The United States Department of Homeland Security on Monday will announce whether the Trump administration will extend the Temporary Protected Status (TPS) — a temporary immigration program for Salvadorans living in the U.S. for at least two decades — or will they have to face deportation. If the TPS is not extended, then nearly 200,000 children would be at a risk of being separated from their Salvadoran parents.

Addressing a press conference, Foreign Minister Hugo Martinez said that 190,000 Salvadorans in U.S. “have procreated 192,000 boys and girls who are American citizens and who have all the rights of American citizens.”

Martinez said that if the TPS is cancelled, then for the Salvadorans, “this would mean breaking up families that are in the United States.”

TPS is granted by the federal officials to the citizens of countries facing extreme hardship due to either a natural calamity or war which makes it difficult for refugees from those nations to return safely. To decide whether to extend the TPS or not, the U.S. government would review the present situation of the particular nation and if it has largely recovered, then the citizens of that country living in the U.S. would be asked to return.

Earlier, the U.S. government had cancelled TPS for 59,000 Haitians and 5,300 Nicaraguans who came to U.S. after an earthquake in 2010. The government was planning to do the same for Hondurans and Salvadorans. However, according to a report by the AFP, children born in the U.S. would have the right to stay in America but this fact gives no right for their parents to stay in the country.

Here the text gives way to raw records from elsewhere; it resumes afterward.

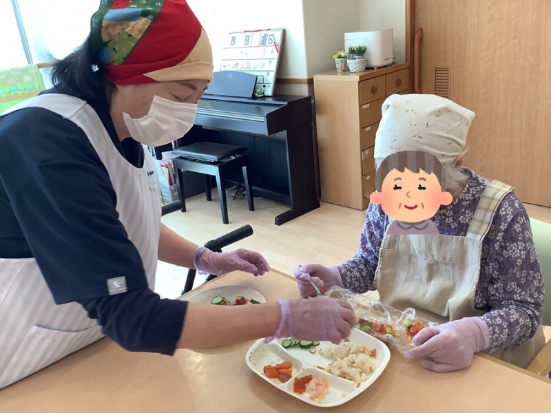 説明をしながら手まり寿司を作っていきます。 卵パックを使って丸~く出来るはず(*^^)v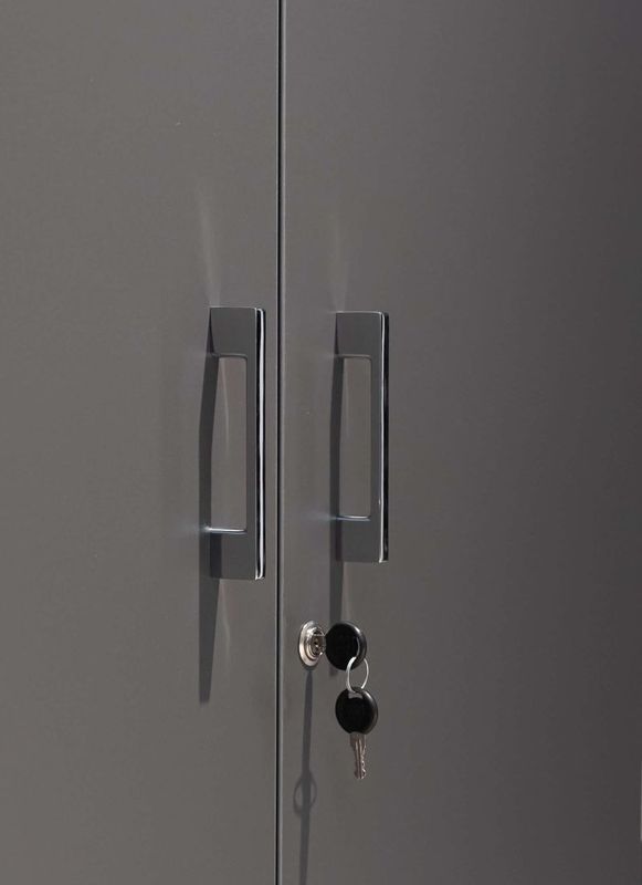 Die Türgriffe sind in der Farbe Silber. Zusätzlich wird eine Wandbefestigung geliefert. Diesen Schrank ist lieferbar in den Farben: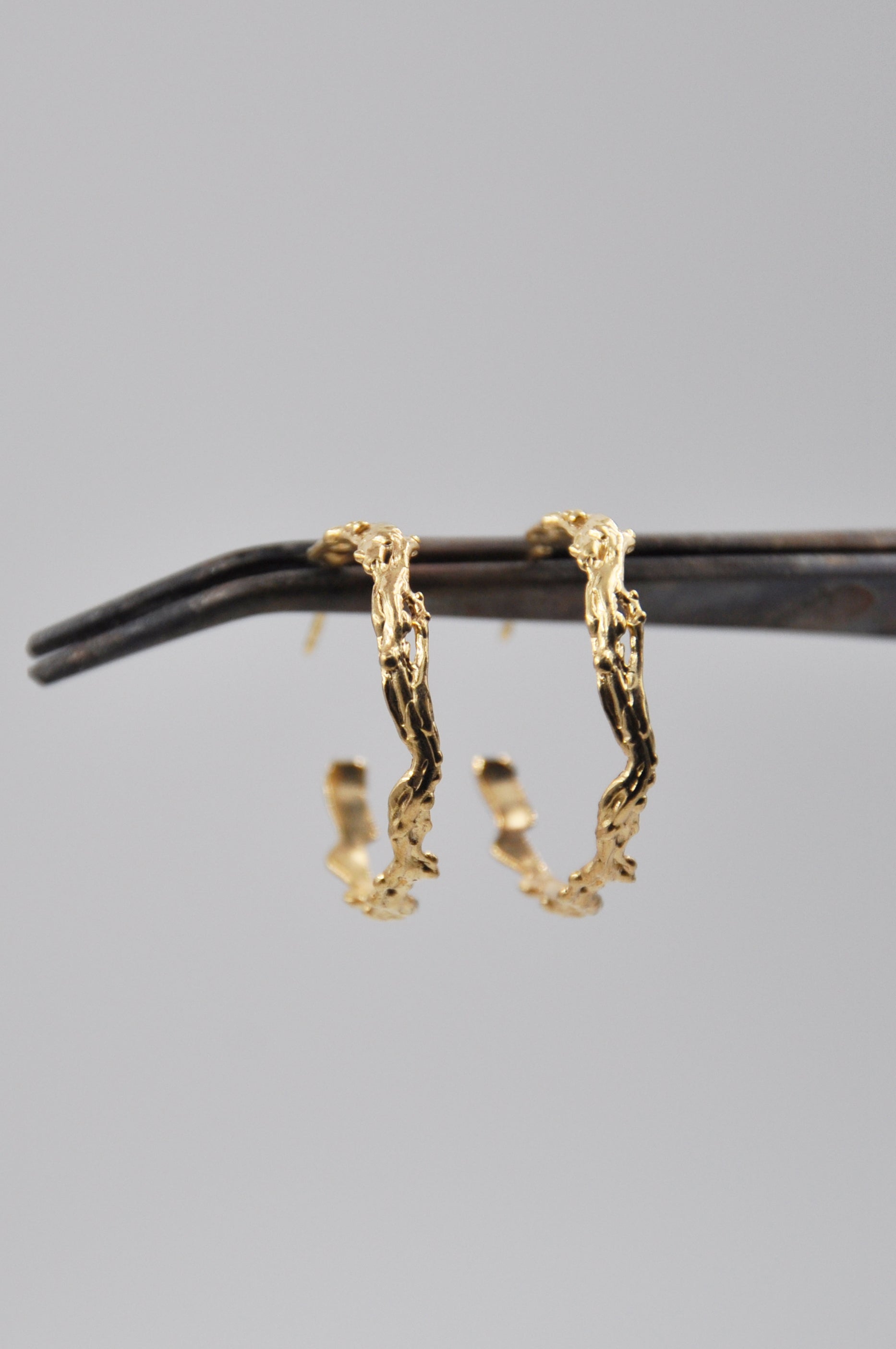 חישוקים עדינים ואדמתיים. המרקם האורגני שלהם דומה לעורקים של עץ, לעוצמה השקטה של משהו שהשתרש עם הזמן. הם מסמלים כמיהה לקרקע ולחיבור למעגל של השקט והפשטות של הטבע.

Martinez informed that the El Salvador’s consulates in U.S. were giving advice to Salvadorans on what to do. He further said his government did not want the families to be separated. He added it would be a difficult situation “especially for those boys and girls under the age of 21.”

Jean Manes, the U.S. ambassador to El Salvador, called it “a tool for an emergency situation,” reported the Washington Post. The publication further reported that in Nov. 2017, Manes wrote, “Every year we have to justify that the current situation is the result of the 2001 earthquakes and it is becoming increasingly difficult to do so.”

After earthquakes devastated the Central American nation, the U.S. had extended its TPS program to Salvadorans in 2001. The last extension of the program runs out on Mar. 8.

Both the Republican and Democratic administrations had in the past ended TPS for some countries. After a number of West African countries recovered from Ebola outbreak sickness, former president Barack Obama in May 2017 ended the TPS for thousands of citizens from Sierra Leone, Guinea, and Liberia. In another case, in 2005, the then President George W. Bush’s administration also ended TPS for the Caribbean island of Montserrat.